(Recorded data)
-- Opening Marker --

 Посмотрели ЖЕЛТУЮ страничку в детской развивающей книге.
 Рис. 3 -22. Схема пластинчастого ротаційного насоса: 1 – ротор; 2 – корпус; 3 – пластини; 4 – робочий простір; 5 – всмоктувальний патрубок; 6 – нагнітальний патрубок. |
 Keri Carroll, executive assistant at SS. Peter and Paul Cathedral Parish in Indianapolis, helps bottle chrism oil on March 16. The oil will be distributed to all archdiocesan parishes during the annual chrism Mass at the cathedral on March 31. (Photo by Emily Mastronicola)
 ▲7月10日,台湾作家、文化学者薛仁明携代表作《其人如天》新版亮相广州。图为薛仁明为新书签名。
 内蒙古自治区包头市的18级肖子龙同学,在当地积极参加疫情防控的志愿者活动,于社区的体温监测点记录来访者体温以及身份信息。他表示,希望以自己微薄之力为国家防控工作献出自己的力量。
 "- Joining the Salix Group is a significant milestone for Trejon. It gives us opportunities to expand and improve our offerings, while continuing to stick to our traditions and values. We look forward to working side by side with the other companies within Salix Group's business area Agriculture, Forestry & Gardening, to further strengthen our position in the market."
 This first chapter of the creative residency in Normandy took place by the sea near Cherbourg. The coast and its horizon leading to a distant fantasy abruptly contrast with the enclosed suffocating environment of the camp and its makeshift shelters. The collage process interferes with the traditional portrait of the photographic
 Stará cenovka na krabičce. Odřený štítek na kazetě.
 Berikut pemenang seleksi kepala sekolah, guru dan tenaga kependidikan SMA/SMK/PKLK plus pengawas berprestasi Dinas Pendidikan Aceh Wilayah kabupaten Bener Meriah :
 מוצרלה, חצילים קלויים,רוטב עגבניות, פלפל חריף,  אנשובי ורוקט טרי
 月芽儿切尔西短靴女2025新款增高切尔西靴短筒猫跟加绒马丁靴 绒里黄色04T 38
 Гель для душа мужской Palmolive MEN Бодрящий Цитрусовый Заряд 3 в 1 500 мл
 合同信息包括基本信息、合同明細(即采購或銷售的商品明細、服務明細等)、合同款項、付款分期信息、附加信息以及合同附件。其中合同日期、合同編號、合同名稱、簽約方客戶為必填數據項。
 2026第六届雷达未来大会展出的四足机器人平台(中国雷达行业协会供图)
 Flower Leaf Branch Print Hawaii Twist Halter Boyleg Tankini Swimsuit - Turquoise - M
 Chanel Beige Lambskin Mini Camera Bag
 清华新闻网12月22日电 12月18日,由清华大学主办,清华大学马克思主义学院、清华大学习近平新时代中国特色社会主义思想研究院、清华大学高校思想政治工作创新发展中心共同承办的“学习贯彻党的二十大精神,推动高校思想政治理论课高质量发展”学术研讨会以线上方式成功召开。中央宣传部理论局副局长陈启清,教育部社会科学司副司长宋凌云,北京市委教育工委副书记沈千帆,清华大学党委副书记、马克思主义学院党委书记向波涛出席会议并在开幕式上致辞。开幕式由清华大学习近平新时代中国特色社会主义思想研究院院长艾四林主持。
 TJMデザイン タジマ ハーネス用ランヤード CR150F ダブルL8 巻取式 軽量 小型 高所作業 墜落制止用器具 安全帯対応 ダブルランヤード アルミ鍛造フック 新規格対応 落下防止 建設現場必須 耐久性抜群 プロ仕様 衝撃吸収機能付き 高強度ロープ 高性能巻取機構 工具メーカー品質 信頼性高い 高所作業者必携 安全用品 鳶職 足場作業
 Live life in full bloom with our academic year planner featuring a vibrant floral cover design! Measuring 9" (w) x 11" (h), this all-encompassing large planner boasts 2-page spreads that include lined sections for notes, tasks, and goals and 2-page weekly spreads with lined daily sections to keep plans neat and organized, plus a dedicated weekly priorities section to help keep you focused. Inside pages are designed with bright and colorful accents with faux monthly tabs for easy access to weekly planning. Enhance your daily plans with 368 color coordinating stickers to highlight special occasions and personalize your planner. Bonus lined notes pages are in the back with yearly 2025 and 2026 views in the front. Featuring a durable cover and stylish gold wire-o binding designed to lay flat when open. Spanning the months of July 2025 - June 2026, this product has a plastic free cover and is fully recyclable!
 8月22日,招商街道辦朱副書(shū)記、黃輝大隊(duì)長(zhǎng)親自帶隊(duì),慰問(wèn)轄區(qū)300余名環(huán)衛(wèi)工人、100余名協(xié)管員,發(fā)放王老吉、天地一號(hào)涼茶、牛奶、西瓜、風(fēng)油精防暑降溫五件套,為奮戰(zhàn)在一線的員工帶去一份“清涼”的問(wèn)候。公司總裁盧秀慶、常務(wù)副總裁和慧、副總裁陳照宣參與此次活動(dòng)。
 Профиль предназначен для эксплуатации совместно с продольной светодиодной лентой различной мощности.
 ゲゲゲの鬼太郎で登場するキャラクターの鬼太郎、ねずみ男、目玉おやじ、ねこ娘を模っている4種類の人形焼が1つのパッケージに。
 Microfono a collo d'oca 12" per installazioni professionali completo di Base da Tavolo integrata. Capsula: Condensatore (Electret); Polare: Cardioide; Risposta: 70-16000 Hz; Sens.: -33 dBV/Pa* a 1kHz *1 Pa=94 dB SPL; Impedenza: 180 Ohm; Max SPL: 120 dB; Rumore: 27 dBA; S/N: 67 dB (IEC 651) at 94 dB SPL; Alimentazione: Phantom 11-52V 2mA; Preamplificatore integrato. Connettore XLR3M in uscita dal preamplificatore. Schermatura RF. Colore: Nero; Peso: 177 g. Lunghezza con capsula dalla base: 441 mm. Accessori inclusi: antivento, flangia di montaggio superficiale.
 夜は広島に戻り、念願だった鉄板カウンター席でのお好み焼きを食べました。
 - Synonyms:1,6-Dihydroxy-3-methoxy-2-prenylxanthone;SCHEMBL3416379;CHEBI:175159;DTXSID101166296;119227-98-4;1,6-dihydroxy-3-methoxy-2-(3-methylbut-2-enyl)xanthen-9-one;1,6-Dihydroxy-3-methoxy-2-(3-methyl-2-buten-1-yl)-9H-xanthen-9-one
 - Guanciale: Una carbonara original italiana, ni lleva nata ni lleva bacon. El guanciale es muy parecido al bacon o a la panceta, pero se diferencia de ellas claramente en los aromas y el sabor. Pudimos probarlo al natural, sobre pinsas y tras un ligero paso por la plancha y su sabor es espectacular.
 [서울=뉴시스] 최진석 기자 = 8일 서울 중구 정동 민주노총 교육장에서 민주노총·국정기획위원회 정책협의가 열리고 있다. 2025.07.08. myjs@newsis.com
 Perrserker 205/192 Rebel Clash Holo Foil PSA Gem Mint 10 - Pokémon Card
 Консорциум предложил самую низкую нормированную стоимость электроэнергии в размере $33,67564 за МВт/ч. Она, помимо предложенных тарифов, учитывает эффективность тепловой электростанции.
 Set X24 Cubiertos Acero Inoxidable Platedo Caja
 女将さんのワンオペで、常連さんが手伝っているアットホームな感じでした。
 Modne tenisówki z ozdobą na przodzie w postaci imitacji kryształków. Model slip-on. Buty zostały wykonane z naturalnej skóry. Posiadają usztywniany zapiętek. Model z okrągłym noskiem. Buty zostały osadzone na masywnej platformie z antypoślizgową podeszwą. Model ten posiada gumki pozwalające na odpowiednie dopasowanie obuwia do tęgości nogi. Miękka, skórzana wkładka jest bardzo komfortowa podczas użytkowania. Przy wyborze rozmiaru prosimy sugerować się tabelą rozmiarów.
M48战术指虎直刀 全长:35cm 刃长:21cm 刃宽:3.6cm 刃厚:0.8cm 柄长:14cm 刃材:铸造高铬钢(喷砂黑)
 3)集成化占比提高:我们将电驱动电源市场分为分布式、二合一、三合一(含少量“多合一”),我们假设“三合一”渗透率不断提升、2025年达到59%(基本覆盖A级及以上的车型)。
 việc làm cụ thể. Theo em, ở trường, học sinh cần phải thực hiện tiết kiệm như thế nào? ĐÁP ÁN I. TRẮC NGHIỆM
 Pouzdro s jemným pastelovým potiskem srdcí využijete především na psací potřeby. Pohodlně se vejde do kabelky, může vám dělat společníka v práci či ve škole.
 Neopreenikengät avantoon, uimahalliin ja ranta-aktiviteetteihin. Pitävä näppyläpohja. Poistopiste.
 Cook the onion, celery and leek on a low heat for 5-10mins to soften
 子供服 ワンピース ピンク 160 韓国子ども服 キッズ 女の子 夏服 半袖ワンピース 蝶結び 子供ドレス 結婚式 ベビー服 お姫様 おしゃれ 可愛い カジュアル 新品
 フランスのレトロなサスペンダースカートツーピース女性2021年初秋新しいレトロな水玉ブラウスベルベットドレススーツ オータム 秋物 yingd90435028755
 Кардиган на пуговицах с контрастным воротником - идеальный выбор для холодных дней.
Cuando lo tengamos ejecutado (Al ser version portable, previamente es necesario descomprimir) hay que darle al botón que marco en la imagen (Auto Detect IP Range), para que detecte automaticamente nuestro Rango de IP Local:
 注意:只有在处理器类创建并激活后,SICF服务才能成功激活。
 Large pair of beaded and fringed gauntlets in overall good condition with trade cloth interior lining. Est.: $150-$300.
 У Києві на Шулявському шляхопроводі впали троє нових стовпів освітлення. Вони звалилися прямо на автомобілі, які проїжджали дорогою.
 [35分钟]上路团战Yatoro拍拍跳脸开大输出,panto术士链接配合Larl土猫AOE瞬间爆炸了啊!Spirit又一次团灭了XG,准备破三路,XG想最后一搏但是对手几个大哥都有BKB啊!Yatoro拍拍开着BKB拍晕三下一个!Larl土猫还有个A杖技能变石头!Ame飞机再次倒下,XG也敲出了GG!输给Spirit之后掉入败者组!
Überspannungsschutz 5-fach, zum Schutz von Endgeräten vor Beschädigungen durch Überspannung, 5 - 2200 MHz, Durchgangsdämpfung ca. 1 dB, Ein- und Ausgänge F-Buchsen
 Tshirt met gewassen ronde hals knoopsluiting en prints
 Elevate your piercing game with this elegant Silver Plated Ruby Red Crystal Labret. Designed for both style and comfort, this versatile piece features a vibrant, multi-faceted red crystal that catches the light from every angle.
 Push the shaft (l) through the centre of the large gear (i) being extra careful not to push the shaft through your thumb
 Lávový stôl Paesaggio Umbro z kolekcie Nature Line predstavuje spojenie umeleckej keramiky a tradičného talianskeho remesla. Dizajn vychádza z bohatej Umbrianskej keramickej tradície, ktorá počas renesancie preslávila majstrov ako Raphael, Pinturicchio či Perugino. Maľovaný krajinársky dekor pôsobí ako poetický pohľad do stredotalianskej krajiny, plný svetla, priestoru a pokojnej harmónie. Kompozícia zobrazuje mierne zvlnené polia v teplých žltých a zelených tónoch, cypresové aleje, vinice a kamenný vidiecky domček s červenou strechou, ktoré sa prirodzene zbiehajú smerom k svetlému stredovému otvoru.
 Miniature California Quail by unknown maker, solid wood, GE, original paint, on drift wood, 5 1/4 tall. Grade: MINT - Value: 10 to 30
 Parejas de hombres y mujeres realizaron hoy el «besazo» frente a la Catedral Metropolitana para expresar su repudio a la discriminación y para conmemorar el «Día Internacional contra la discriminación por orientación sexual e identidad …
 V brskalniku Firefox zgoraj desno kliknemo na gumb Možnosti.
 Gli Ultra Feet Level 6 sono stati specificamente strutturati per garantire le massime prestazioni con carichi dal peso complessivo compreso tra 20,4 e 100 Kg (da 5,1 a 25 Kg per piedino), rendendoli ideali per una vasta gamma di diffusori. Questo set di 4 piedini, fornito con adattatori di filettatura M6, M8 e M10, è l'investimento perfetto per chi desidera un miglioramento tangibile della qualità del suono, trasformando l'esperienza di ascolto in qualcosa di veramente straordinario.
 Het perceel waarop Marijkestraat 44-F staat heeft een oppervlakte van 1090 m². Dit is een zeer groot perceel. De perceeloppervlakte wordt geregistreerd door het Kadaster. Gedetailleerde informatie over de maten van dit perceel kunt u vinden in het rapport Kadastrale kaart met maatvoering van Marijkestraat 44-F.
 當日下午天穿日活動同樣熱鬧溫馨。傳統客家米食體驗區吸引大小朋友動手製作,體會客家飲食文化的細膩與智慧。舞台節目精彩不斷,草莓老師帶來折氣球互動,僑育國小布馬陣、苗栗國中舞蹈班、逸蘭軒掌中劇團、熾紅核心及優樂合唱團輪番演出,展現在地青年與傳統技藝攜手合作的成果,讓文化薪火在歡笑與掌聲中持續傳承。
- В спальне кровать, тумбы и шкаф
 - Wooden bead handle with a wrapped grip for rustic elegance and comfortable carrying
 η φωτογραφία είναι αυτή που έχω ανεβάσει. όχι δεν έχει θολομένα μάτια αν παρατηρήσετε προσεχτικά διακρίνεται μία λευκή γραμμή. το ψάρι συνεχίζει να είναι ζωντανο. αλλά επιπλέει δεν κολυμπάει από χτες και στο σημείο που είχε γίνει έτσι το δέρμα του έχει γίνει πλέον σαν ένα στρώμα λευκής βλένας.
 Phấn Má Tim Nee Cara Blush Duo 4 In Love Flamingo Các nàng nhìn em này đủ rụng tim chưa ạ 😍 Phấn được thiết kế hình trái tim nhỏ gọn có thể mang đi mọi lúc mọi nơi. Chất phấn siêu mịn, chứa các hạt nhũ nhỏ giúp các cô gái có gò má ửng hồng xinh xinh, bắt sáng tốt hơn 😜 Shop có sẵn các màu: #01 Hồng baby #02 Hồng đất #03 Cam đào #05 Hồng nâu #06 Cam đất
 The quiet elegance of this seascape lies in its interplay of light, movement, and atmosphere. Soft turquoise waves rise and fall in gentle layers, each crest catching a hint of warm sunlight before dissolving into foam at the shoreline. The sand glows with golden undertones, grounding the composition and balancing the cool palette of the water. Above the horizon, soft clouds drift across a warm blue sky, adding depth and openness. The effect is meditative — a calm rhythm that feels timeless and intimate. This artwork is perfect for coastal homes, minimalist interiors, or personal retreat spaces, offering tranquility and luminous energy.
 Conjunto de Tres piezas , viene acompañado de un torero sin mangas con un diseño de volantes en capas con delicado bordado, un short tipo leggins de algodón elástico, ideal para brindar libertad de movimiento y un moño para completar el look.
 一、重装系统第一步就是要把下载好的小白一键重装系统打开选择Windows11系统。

-- Closing Marker --

Return each line of the data above that includes the word "original".

 - Guanciale: Una carbonara original italiana, ni lleva nata ni lleva bacon. El guanciale es muy parecido al bacon o a la panceta, pero se diferencia de ellas claramente en los aromas y el sabor. Pudimos probarlo al natural, sobre pinsas y tras un ligero paso por la plancha y su sabor es espectacular.
 Miniature California Quail by unknown maker, solid wood, GE, original paint, on drift wood, 5 1/4 tall. Grade: MINT - Value: 10 to 30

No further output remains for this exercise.